Group Rank

This user-defined transfrom (UDX) applies a RANK() function to logical groups of rows and optionally delivers the group in sorted order Applications of Group_Rank include the following:

  • To sort results of a streaming GROUP BY
  • To determine a relationship within the results of a group

Group Rank UDX can do the following actions:

  • Apply Rank to a specified input column.
  • Supply either sorted or non-sorted output.
  • Enable the user to specify a period of inactivity for data flush.

SQL Declarations

The functional attributes and DDL are described in the topics that follow.

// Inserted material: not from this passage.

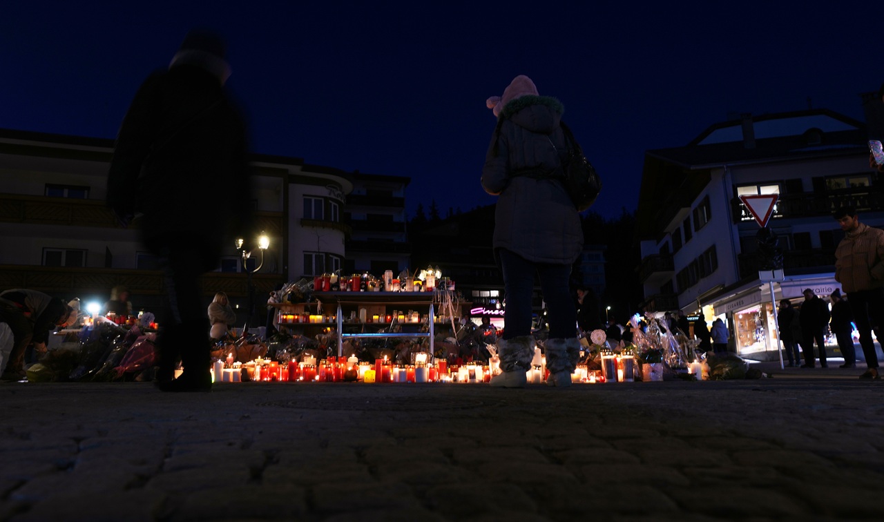 Na snímke ľudia zapaľujú sviečky a kladú kvety na pamiatku obetí neďaleko vyhoreného baru Le Constellation v Crans-Montane vo švajčiarskych Alpách / Foto: TASR/AP-Antonio Calanni

Functional attributes for Group_Rank

This Group_Rank transform acts as follows:

  • Gathers rows until either a rowtime change is detected or a specified idle-time limit is exceeded.
  • Accepts any streaming rowset.
  • Uses any column with a basic SQL data type of INTEGER, CHAR, VARCHAR as the column by which to do the ranking
  • Orders the output rows either in the order received or in ascending or descending order of values in the selected column.

DDL for Group_Rank

CREATE FUNCTION group_rank(c cursor, rankByColumnName VARCHAR(128),
   rankOutColumnName VARCHAR(128), sortOrder VARCHAR(10), outputOrder VARCHAR(10),
   maxIdle INTEGER, outputMax INTEGER)
 returns table(c.*, "groupRank" INTEGER)
 language java
 parameter style system defined java
 no sql
 external name 'class com.sqlstream.plugin.grouprank.GroupRank.group_rank';

The parameters to the UDX are:

c CURSOR to streaming result set
rankByColumnName String naming the column to use for ranking the group
rankOutColumnName String naming the column to use for returning the rank. This string must match the name of the groupRank column in RETURNS clause of the CREATE FUNCTION statement.
sortOrder Controls ordering of rows for rank assignment.

Valid values are:
- ‘asc’ Ascending based on rank.
- ‘desc’ Descending based on the rank.
outputOrder Controls ordering of output.

Valid values are:
- ‘asc’ Ascending based on rank.
- ‘desc’ Descending based on the rank.
maxIdle Time limit in milliseconds for holding a group for ranking. When maxIdle expires the current group is released to the stream. A value of zero indicates no idle time out.
outputMax Maximum number of rows the UDX will output in a given group. A value of 0 indicates no limit.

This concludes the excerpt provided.